**Records for the exercise**
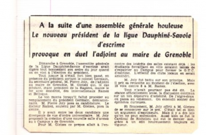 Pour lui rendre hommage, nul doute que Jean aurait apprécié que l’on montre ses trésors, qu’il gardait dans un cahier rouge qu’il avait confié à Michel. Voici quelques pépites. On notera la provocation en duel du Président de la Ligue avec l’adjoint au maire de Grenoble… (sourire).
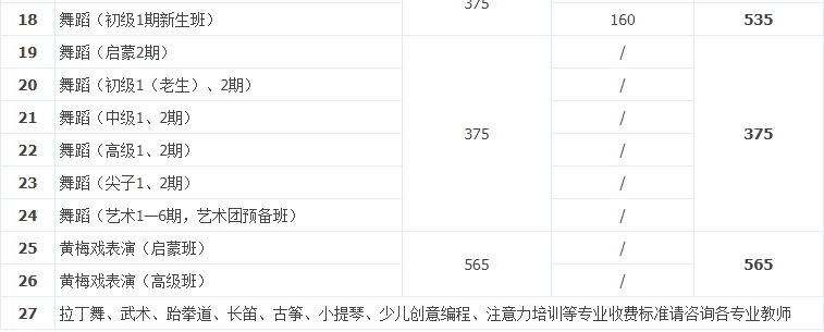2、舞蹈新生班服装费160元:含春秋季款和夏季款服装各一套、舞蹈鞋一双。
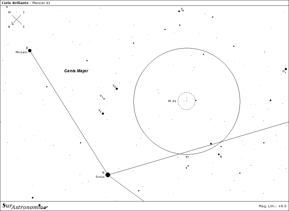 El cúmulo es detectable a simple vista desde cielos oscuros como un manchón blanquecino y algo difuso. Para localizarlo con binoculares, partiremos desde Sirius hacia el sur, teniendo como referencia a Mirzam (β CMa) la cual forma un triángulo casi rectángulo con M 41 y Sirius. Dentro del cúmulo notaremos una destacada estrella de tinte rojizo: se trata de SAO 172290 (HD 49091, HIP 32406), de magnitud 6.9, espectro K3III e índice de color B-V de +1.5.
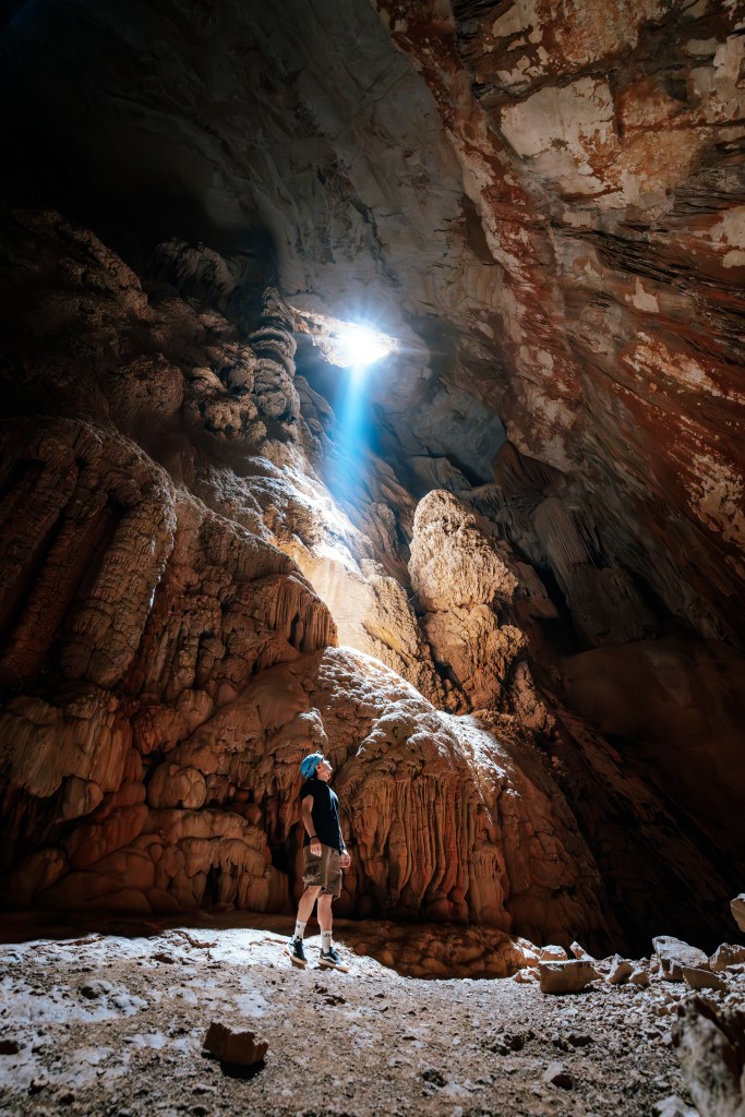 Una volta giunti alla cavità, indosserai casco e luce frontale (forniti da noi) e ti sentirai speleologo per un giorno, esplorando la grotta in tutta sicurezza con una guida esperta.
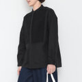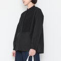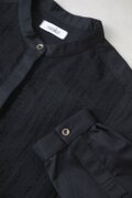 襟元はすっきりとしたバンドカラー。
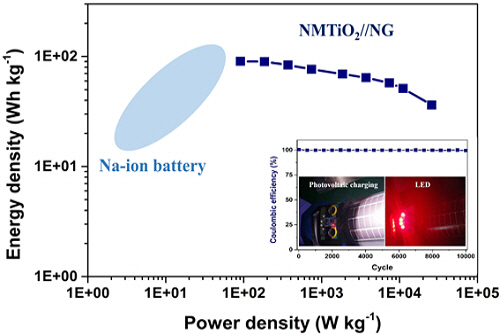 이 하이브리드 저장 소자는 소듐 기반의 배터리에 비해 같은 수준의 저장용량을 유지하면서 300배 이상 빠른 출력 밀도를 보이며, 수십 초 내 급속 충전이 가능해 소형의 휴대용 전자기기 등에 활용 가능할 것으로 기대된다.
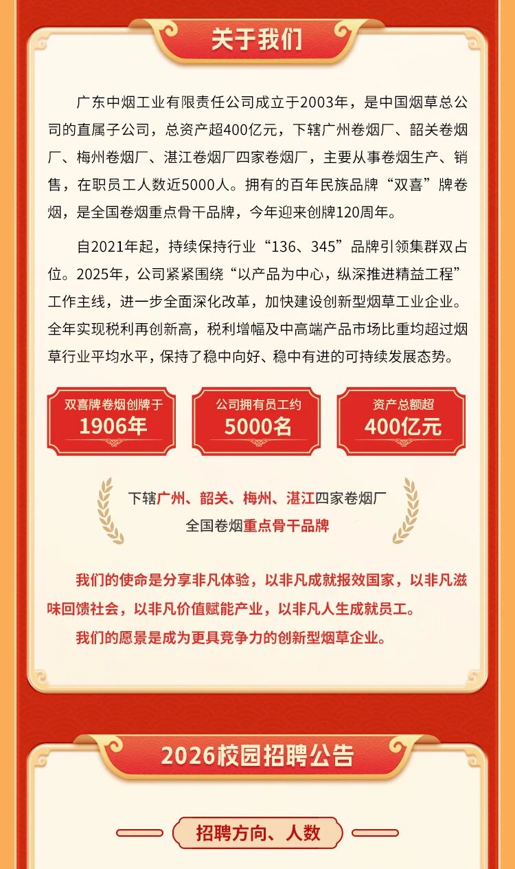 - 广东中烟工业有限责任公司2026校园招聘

...

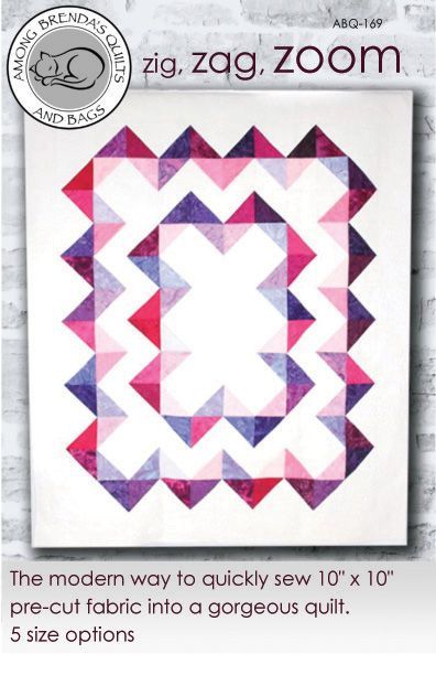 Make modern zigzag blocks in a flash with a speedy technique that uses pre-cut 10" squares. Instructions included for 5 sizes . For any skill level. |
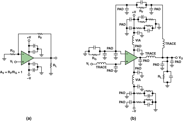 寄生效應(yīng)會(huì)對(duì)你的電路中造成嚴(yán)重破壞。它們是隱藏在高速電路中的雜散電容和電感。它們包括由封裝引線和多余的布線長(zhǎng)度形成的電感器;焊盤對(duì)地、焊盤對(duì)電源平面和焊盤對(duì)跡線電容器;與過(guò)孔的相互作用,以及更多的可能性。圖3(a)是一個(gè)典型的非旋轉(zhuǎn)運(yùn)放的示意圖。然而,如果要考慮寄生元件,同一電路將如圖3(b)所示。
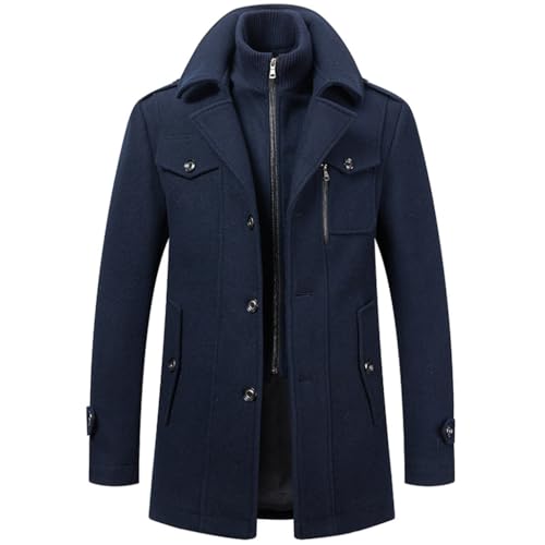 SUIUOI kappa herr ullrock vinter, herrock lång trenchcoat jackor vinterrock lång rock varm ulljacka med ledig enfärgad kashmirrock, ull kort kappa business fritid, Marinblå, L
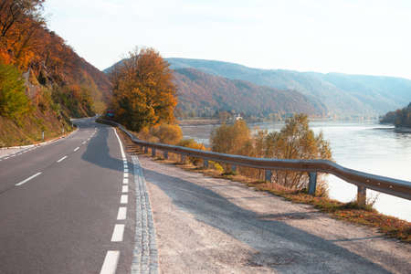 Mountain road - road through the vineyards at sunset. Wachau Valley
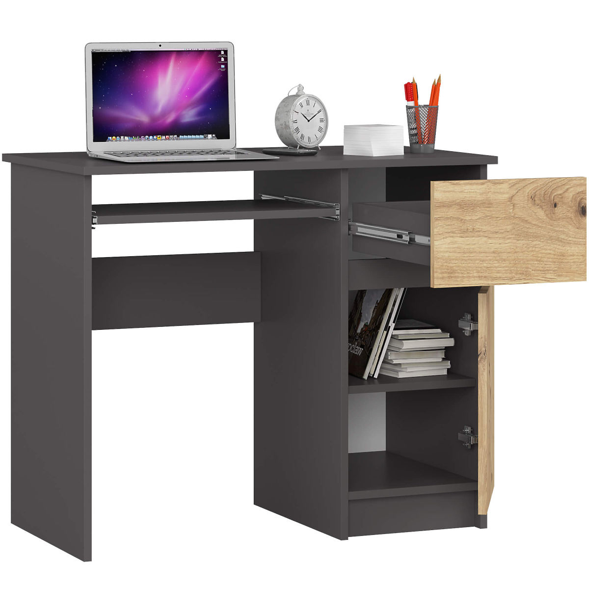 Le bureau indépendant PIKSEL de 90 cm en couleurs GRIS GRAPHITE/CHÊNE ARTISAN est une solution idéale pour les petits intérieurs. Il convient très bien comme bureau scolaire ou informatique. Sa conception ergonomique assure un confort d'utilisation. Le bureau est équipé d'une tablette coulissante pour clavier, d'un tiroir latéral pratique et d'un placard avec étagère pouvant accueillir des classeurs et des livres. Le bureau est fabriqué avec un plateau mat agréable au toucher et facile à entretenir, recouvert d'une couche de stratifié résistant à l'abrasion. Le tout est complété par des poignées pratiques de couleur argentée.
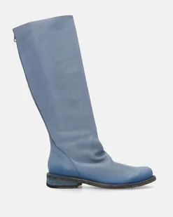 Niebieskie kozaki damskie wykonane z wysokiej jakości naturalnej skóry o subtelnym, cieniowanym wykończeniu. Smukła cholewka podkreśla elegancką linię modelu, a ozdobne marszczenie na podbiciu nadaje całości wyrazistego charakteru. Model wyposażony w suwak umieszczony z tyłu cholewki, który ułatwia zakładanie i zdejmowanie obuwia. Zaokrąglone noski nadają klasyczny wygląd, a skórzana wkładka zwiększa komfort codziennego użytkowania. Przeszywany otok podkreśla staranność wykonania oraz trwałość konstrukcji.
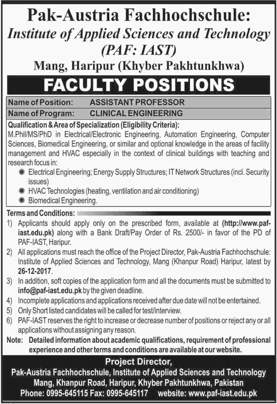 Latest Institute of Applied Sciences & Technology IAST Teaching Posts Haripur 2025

--

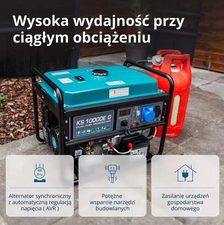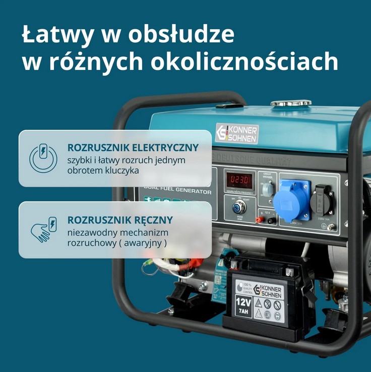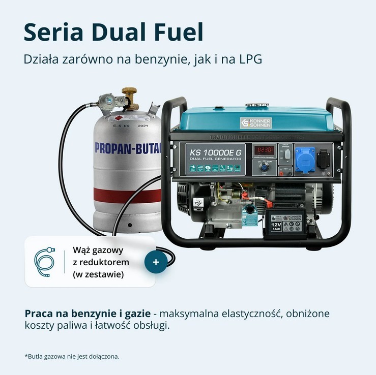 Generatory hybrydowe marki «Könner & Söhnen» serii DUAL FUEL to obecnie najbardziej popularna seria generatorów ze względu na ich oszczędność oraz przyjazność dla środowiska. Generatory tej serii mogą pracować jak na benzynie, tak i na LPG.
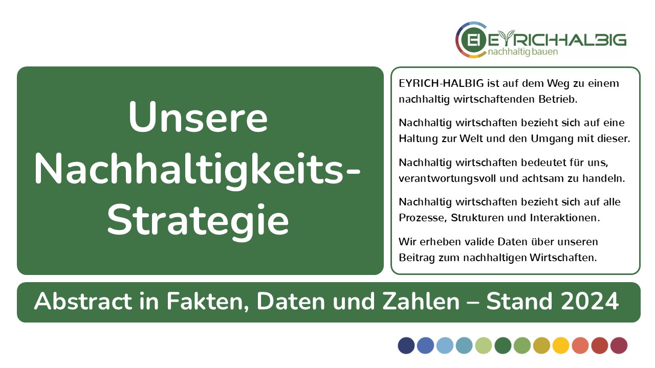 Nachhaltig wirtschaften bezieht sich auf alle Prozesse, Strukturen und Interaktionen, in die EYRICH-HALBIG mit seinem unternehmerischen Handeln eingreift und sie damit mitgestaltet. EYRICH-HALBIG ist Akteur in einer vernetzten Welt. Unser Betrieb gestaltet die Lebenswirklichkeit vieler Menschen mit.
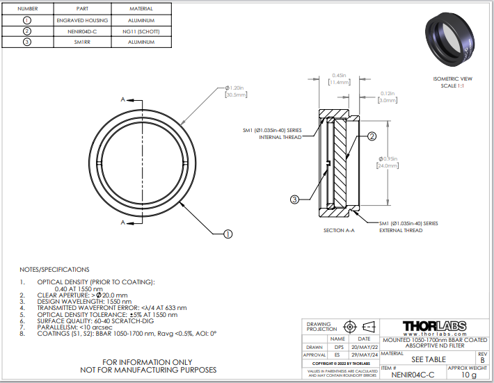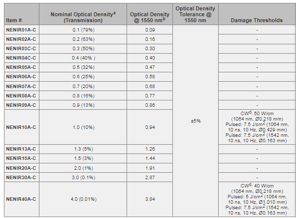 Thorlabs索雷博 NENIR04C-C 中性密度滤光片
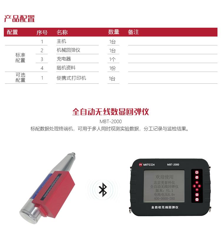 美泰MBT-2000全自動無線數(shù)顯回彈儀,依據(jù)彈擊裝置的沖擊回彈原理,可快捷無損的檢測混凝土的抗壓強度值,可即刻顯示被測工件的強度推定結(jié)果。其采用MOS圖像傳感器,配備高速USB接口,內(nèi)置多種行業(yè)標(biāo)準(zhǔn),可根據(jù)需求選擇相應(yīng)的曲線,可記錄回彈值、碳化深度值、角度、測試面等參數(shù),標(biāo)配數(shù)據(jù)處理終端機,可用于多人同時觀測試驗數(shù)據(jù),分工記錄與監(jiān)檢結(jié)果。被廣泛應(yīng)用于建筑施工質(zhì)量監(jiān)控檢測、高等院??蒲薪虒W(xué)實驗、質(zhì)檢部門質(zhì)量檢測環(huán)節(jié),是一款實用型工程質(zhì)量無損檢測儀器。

**Brief**
Look back at the data above, then output exactly the lines from the line holding "Una volta giunti" up to and including the line holding "- 广东中烟工业有限责任公司2026校园招聘". Leave out the pictures.

**Solution to the problem**
 Una volta giunti alla cavità, indosserai casco e luce frontale (forniti da noi) e ti sentirai speleologo per un giorno, esplorando la grotta in tutta sicurezza con una guida esperta.
 襟元はすっきりとしたバンドカラー。
 이 하이브리드 저장 소자는 소듐 기반의 배터리에 비해 같은 수준의 저장용량을 유지하면서 300배 이상 빠른 출력 밀도를 보이며, 수십 초 내 급속 충전이 가능해 소형의 휴대용 전자기기 등에 활용 가능할 것으로 기대된다.
 - 广东中烟工业有限责任公司2026校园招聘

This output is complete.